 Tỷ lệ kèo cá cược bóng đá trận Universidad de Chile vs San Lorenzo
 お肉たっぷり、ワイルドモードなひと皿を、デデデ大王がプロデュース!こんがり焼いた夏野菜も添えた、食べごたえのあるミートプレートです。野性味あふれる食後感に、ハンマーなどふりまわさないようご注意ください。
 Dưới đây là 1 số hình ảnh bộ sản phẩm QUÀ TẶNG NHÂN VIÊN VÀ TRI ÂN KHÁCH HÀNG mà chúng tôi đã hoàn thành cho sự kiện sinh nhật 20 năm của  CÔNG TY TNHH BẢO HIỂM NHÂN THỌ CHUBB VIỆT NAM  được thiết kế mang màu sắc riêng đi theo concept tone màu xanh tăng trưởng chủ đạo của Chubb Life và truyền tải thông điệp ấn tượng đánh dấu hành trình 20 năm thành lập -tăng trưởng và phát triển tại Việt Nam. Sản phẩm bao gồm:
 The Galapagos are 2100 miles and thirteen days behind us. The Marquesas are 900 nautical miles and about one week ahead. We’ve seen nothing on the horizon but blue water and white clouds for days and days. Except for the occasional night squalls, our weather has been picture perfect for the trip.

+-------+

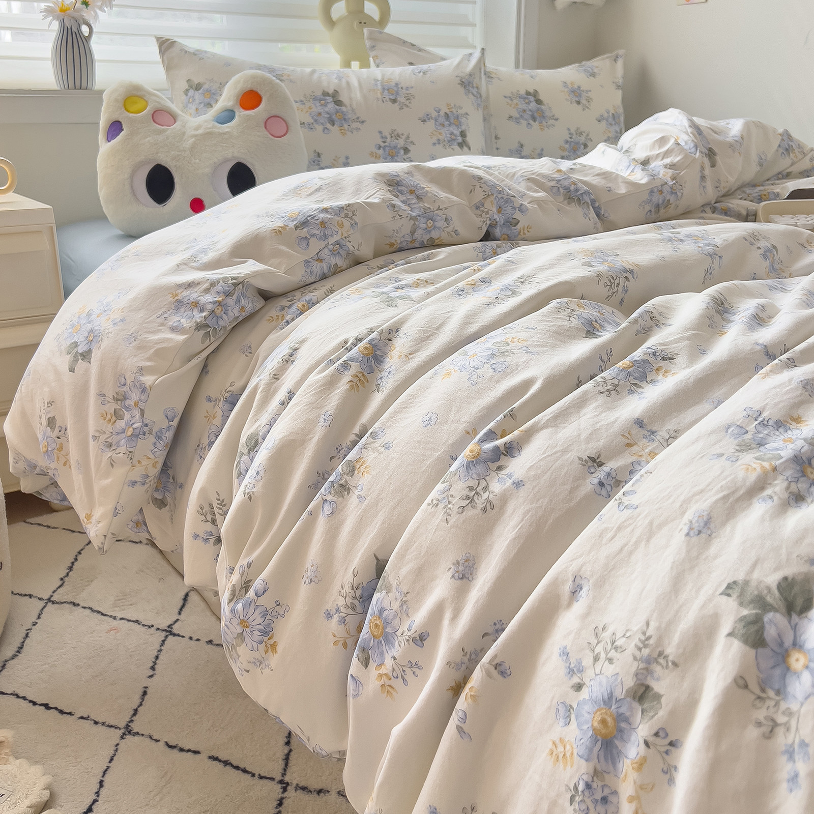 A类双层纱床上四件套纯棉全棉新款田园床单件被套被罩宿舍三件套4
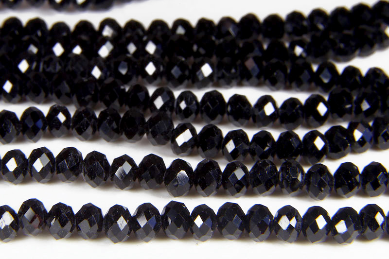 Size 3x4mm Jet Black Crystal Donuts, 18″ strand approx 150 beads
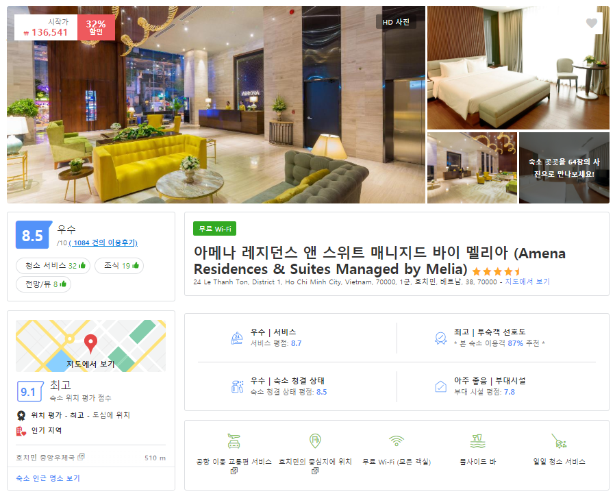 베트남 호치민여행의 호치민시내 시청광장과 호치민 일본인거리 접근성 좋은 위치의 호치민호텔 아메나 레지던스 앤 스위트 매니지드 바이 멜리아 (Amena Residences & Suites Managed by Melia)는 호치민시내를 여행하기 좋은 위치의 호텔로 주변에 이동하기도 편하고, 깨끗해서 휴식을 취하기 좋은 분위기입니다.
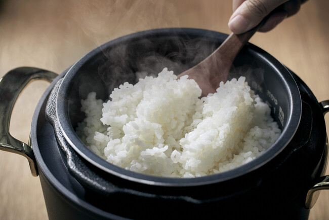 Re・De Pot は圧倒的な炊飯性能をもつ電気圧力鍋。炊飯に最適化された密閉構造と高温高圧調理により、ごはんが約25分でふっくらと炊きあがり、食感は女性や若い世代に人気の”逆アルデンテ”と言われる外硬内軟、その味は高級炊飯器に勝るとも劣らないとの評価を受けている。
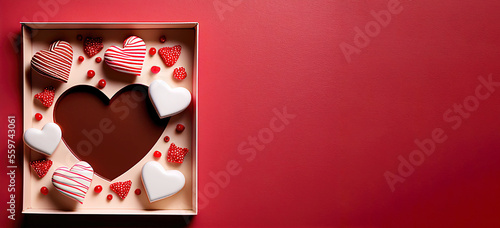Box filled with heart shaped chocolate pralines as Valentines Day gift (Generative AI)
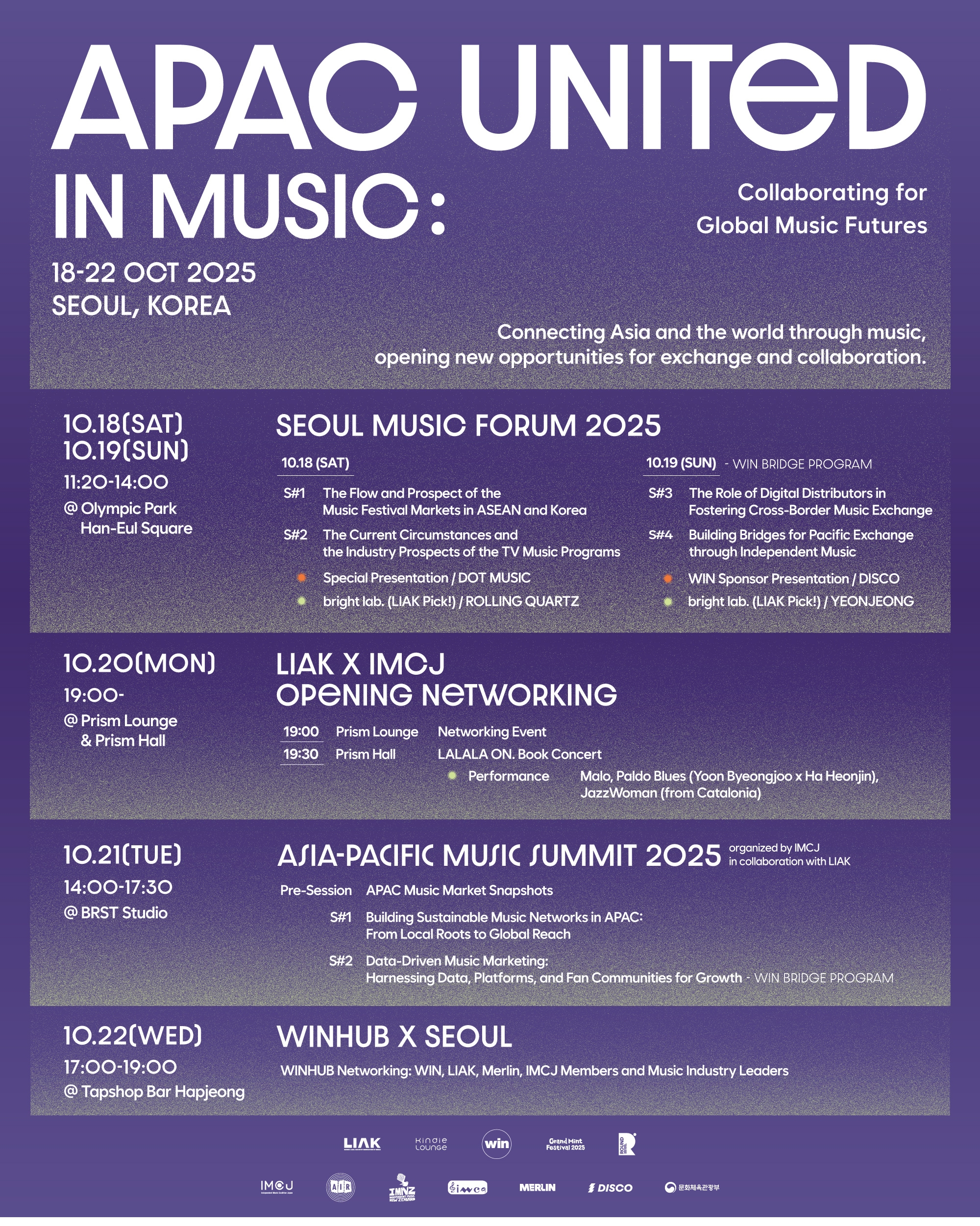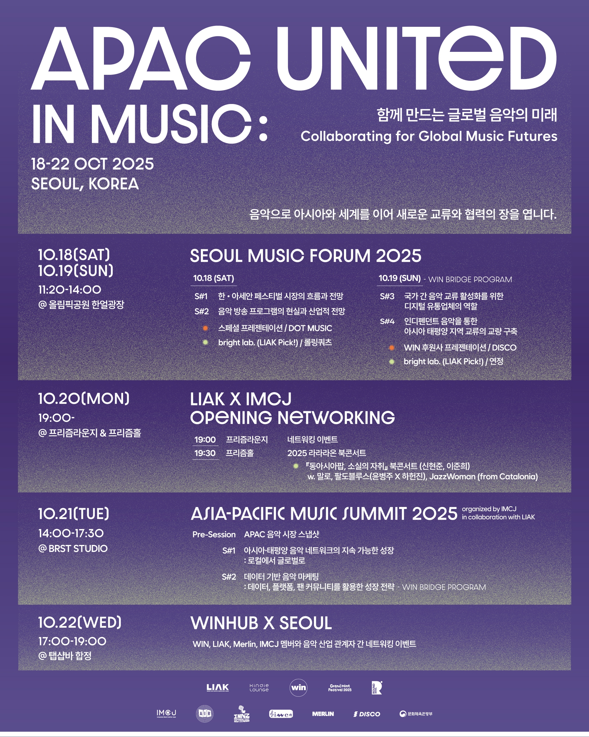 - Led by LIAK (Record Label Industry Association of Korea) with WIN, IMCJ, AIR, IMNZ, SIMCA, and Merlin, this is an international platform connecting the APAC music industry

+-------+

TASK DETAILS: A word-for-word copy of the lines above from the one with "Tỷ lệ kèo cá" through the one with "The Galapagos are", inclusive, is the only output wanted.

EXERCISE OUTPUT:
 Tỷ lệ kèo cá cược bóng đá trận Universidad de Chile vs San Lorenzo
 お肉たっぷり、ワイルドモードなひと皿を、デデデ大王がプロデュース!こんがり焼いた夏野菜も添えた、食べごたえのあるミートプレートです。野性味あふれる食後感に、ハンマーなどふりまわさないようご注意ください。
 Dưới đây là 1 số hình ảnh bộ sản phẩm QUÀ TẶNG NHÂN VIÊN VÀ TRI ÂN KHÁCH HÀNG mà chúng tôi đã hoàn thành cho sự kiện sinh nhật 20 năm của  CÔNG TY TNHH BẢO HIỂM NHÂN THỌ CHUBB VIỆT NAM  được thiết kế mang màu sắc riêng đi theo concept tone màu xanh tăng trưởng chủ đạo của Chubb Life và truyền tải thông điệp ấn tượng đánh dấu hành trình 20 năm thành lập -tăng trưởng và phát triển tại Việt Nam. Sản phẩm bao gồm:
 The Galapagos are 2100 miles and thirteen days behind us. The Marquesas are 900 nautical miles and about one week ahead. We’ve seen nothing on the horizon but blue water and white clouds for days and days. Except for the occasional night squalls, our weather has been picture perfect for the trip.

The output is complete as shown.